A fresh study from MoffettNathanson and HarrisX shows what is at stake for the primary incumbents as the battle for the consumer entertainment dollar heats up -- WarnerMedia plans to introduce HBO Max on October 29, followed by a broad commercial rollout in 2020; Apple TV+ is set to launch on November 1; and Disney+ will debut on November 12. Peacock, NBCU's new streaming service, is slated to enter the fray in the spring of 2020.
"We are witnessing the dawn of a new age in media as four mega-cap companies are about to launch new streaming services," Michael Nathanson, analyst with MoffettNathanson, explained in a report that takes a closer look at the current dynamics for the direct-to-consumer subscription VoD market.
"Going forward, if you think we are at peak TV, you haven't seen anything yet as Apple and Disney are about one month away from launching their own services," the analyst added. "For now, this space will become increasingly crowded, which will raise the cost of both production and marketing."
Turf to protect
Clearly, the incumbents have lots of ground to protect. Penetration of consumer homes increased across Netflix, Hulu (now owned by Disney) and Amazon in Q3, with all three services aided by a strong slate of original content, including Stranger Things (Netflix), The Handmaid's Tale (Hulu) and Fleabag (Amazon Prime), MoffettNathanson and HarrisX found in a study based on data captured from 18,746 respondents between July and September 2019.
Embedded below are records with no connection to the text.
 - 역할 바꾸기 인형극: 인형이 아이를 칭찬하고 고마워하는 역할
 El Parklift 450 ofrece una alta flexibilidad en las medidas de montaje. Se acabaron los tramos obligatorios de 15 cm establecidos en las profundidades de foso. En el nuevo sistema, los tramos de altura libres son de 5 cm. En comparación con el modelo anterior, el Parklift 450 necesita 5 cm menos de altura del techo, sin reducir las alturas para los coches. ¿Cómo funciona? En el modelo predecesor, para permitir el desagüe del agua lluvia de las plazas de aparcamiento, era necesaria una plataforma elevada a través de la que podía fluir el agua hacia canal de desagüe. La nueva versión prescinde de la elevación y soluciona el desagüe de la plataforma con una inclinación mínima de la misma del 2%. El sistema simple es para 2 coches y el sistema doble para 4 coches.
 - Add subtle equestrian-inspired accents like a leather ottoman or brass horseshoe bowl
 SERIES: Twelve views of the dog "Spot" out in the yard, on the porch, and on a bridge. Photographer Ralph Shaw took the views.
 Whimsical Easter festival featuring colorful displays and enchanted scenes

Netflix continued to dominate across key metrics, with both Hulu and Amazon Prime Video "grinding higher," the study found. Across streamers of all ages, 67% of study respondents said they used Netflix to stream content, ahead of Amazon Prime Video (47%) and Hulu (35%). Some 79% of Netflix subs watched either daily or a few times a week, followed by Hulu (75%) and Amazon Prime Video (62%), the study found.
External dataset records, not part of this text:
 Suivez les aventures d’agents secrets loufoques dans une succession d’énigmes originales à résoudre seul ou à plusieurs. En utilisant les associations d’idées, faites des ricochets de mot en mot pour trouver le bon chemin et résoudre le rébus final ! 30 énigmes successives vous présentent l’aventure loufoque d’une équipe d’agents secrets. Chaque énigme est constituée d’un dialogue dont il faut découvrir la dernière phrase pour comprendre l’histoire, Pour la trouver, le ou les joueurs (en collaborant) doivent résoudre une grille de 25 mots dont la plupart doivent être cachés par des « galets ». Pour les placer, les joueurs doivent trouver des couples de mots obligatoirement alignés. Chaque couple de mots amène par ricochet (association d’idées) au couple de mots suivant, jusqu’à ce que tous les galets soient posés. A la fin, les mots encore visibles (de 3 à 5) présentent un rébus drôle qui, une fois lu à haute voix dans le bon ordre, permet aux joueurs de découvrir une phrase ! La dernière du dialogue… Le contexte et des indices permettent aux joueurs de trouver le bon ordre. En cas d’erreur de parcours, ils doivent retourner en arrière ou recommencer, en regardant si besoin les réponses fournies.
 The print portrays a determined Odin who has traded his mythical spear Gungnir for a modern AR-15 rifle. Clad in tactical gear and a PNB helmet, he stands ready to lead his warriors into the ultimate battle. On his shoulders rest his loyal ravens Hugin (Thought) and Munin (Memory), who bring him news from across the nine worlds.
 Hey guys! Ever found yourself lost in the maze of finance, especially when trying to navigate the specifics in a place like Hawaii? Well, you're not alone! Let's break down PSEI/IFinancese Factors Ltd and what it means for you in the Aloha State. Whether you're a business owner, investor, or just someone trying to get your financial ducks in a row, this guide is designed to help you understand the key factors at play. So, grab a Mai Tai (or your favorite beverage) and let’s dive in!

As Disney+ and Apple TV+ get off the ground in the coming weeks, Nathanson expects the recent positive engagement trends at Netflix and Amazon Prime Video to "reverse." Hulu, meanwhile, could get a bump, thanks to Disney's plan to bundle Hulu's ad-supported SVoD service with ESPN+ and Disney+ for $12.99 per month.
As a "fixture of everyone's bundle," Netflix appears to be the best positioned when consumers take multiple streaming services, the study found, noting that 51% of Netflix streamers also use Amazon Prime Video and 39% of Netflix subs also watch Hulu.
Before this new wave of streaming competition hits, the study also found that just 3% of Amazon Prime Video users take the $8.99 video-only plan (most get it through the full Amazon Prime subscription), while just 29% of Hulu SVoD customers take Hulu's commercial-free plan. About 43% of Netflix subs are on the service's $12.99 Standard plan, compared to 31% for its Basic tier ($8.99) and 26% on Netflix's Premium tier ($15.99).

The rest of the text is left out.